**ACTIVITY**
Using the material below, print the line that contains "Sac banane Petit", the line that contains "デジタル給与を受け取る決済サ", and every line in between, exactly and nothing else.
Start of MATERIAL FOR THIS TASK
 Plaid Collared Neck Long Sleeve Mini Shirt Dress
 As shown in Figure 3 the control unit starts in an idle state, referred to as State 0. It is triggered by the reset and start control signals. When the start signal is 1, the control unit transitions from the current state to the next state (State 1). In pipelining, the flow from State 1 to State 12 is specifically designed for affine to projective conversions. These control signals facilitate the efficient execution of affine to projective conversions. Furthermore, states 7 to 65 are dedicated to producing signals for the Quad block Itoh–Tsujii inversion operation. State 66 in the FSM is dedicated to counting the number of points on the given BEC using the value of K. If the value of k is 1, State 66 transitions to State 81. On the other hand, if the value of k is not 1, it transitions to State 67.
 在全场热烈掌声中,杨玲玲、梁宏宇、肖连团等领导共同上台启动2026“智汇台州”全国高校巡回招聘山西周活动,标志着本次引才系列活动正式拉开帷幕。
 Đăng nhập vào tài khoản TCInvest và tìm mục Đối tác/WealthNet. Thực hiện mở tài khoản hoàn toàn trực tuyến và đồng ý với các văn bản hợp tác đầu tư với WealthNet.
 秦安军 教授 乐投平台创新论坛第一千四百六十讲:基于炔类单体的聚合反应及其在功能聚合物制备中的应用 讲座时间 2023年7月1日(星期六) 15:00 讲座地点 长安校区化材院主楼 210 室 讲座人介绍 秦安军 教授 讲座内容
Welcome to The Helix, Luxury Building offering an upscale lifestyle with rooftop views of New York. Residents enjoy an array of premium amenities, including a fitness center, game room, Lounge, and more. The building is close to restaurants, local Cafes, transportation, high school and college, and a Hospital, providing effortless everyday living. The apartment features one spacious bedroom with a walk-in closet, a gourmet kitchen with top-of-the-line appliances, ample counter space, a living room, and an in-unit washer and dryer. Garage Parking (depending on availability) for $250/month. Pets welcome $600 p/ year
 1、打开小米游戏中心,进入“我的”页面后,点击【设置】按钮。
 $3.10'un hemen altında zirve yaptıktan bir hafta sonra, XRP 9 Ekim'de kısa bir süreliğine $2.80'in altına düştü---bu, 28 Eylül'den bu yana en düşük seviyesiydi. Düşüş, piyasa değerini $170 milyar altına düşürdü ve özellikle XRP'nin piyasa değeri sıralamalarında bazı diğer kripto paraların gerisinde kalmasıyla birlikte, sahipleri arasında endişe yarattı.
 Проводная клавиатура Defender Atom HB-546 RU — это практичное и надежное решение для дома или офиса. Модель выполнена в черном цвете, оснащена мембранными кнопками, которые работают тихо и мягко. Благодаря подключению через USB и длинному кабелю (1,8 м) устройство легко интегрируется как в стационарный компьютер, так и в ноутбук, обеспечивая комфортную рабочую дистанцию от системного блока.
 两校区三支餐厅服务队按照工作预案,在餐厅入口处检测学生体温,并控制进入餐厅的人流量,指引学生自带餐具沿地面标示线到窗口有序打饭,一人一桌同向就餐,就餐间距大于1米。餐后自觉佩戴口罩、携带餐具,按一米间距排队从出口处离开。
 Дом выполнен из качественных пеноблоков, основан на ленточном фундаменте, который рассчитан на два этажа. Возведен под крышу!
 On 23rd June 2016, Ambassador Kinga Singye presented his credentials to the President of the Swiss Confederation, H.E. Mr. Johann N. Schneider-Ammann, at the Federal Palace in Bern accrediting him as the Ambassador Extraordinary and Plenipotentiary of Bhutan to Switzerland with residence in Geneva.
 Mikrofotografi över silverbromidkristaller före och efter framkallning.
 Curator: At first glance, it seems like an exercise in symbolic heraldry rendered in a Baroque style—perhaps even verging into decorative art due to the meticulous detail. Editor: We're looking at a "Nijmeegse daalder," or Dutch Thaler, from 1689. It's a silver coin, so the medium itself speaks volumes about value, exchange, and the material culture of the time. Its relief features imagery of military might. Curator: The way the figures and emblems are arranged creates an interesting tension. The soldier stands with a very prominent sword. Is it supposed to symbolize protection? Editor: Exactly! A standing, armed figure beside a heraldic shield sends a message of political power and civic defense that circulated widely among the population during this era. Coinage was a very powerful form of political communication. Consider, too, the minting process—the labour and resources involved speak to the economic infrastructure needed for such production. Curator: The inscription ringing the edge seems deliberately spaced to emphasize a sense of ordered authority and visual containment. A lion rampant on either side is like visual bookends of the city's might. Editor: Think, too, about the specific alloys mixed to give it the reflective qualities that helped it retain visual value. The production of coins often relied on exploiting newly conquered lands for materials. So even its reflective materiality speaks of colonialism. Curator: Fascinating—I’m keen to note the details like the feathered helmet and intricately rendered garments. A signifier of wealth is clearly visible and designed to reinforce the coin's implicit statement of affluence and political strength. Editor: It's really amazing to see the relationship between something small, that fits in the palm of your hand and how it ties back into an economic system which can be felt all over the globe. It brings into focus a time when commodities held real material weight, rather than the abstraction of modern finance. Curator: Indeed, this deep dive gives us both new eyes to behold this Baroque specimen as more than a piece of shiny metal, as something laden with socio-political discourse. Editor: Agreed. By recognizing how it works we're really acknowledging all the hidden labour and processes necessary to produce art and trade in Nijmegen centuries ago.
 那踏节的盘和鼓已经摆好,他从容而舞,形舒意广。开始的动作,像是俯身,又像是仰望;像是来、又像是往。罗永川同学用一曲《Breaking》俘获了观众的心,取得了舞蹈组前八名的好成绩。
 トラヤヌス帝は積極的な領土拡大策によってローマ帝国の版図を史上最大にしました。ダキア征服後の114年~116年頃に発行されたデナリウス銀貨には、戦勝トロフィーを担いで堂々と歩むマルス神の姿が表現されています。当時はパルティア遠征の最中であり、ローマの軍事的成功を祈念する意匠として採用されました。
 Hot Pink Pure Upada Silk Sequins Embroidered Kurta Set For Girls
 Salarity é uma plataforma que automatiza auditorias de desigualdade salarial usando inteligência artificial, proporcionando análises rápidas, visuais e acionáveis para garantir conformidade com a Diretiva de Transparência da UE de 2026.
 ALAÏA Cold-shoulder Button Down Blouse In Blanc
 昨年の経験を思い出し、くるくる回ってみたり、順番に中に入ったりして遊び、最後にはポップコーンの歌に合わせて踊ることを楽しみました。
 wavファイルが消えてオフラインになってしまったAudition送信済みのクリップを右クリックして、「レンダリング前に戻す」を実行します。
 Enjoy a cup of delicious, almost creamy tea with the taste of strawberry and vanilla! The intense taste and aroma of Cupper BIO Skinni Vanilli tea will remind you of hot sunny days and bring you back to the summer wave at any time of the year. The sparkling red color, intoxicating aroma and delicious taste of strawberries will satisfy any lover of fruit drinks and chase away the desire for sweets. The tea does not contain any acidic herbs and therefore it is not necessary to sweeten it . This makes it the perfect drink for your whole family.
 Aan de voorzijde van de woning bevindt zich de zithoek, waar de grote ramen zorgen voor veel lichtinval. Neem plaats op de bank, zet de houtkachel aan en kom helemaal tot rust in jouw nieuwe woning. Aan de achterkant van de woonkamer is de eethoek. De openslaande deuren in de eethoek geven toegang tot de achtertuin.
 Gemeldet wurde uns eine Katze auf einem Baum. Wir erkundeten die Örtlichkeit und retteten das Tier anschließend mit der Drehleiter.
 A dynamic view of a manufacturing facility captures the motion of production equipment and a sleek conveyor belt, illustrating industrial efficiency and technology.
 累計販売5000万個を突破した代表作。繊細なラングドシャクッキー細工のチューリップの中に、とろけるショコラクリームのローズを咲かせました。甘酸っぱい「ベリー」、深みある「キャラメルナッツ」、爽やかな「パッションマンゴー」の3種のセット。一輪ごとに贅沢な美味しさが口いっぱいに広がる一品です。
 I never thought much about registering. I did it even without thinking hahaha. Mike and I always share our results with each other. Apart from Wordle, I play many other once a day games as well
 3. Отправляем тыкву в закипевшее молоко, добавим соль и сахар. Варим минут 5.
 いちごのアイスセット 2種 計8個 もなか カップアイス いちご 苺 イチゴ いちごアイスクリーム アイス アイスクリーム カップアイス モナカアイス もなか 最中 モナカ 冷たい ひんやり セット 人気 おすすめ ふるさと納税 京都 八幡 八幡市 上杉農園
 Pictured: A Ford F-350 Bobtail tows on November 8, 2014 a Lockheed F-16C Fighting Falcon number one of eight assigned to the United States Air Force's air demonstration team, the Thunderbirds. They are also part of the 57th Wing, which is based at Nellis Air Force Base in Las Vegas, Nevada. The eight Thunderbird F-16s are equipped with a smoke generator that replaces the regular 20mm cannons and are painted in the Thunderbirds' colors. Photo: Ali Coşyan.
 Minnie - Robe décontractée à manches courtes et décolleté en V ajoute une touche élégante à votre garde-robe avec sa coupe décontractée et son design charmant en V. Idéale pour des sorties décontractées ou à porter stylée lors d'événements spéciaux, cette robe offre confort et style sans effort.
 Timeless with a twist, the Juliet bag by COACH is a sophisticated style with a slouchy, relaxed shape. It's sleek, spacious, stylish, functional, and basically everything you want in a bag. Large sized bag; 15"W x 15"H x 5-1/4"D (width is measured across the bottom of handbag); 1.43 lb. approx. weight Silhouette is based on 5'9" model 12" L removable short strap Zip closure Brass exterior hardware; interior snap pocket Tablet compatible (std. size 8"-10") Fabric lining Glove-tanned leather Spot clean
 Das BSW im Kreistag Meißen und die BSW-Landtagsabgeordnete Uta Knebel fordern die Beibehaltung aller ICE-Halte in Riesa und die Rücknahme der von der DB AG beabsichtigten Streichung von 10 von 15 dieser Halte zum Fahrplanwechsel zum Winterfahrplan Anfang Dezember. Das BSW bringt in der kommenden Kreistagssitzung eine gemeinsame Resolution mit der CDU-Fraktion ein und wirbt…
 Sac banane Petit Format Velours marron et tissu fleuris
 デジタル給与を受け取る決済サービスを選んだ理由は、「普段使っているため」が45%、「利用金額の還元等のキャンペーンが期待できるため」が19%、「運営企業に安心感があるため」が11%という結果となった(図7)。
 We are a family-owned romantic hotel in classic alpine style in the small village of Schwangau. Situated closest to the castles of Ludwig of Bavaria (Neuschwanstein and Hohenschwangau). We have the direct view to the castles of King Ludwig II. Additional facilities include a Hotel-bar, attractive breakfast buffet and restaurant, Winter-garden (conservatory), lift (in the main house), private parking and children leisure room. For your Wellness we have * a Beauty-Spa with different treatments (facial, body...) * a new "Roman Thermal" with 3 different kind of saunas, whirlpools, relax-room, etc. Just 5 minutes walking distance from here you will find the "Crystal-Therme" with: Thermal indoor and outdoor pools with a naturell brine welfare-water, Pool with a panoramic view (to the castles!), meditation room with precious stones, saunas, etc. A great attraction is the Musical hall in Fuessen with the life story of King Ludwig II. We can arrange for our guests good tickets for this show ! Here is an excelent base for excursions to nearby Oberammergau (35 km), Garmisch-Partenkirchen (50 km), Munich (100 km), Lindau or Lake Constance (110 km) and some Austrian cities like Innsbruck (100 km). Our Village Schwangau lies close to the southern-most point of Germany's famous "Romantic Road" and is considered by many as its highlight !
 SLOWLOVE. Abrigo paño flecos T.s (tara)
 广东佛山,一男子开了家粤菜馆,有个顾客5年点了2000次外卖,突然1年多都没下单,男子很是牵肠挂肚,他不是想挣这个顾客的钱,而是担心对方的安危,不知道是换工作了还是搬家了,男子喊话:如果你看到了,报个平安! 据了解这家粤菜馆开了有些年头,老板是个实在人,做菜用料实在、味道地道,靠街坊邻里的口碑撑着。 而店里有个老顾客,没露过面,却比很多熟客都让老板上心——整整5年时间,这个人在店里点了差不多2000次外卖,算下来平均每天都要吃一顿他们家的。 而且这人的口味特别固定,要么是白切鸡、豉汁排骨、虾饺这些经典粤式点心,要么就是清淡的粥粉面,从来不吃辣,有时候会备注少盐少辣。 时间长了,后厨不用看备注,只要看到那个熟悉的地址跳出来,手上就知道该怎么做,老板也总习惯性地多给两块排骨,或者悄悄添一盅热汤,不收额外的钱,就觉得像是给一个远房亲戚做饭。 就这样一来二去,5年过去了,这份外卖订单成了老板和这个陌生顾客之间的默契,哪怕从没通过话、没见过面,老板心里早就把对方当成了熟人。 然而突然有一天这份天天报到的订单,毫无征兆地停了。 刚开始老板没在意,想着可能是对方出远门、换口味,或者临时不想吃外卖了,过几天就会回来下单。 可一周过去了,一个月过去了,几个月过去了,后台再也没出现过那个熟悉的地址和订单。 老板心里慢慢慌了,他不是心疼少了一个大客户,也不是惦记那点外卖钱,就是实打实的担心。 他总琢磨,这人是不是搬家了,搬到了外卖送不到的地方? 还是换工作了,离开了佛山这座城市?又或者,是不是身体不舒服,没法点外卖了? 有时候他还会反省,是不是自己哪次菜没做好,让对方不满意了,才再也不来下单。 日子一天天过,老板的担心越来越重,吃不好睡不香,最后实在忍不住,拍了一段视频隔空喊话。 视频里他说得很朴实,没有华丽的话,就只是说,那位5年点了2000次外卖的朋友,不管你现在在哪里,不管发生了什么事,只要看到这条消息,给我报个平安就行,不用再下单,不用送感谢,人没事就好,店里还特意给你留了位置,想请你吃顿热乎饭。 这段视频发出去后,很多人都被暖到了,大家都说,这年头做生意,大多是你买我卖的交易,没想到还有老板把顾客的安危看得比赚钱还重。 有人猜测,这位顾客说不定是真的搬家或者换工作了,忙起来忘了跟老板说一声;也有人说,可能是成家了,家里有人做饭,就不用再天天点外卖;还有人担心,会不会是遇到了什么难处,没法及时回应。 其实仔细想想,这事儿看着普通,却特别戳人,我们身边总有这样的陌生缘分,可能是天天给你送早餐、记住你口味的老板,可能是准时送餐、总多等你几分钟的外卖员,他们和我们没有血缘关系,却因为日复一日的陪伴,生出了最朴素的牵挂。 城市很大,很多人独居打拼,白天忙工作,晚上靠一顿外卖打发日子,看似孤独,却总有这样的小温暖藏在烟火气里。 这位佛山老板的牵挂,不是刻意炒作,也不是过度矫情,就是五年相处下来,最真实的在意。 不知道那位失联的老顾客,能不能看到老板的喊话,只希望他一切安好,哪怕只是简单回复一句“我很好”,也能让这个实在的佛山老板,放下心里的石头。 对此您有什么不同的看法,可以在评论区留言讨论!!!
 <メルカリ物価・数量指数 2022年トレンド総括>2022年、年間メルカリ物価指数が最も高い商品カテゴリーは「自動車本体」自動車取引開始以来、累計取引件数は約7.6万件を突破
End of MATERIAL FOR THIS TASK
**TASK RESULT**
 Sac banane Petit Format Velours marron et tissu fleuris
 デジタル給与を受け取る決済サービスを選んだ理由は、「普段使っているため」が45%、「利用金額の還元等のキャンペーンが期待できるため」が19%、「運営企業に安心感があるため」が11%という結果となった(図7)。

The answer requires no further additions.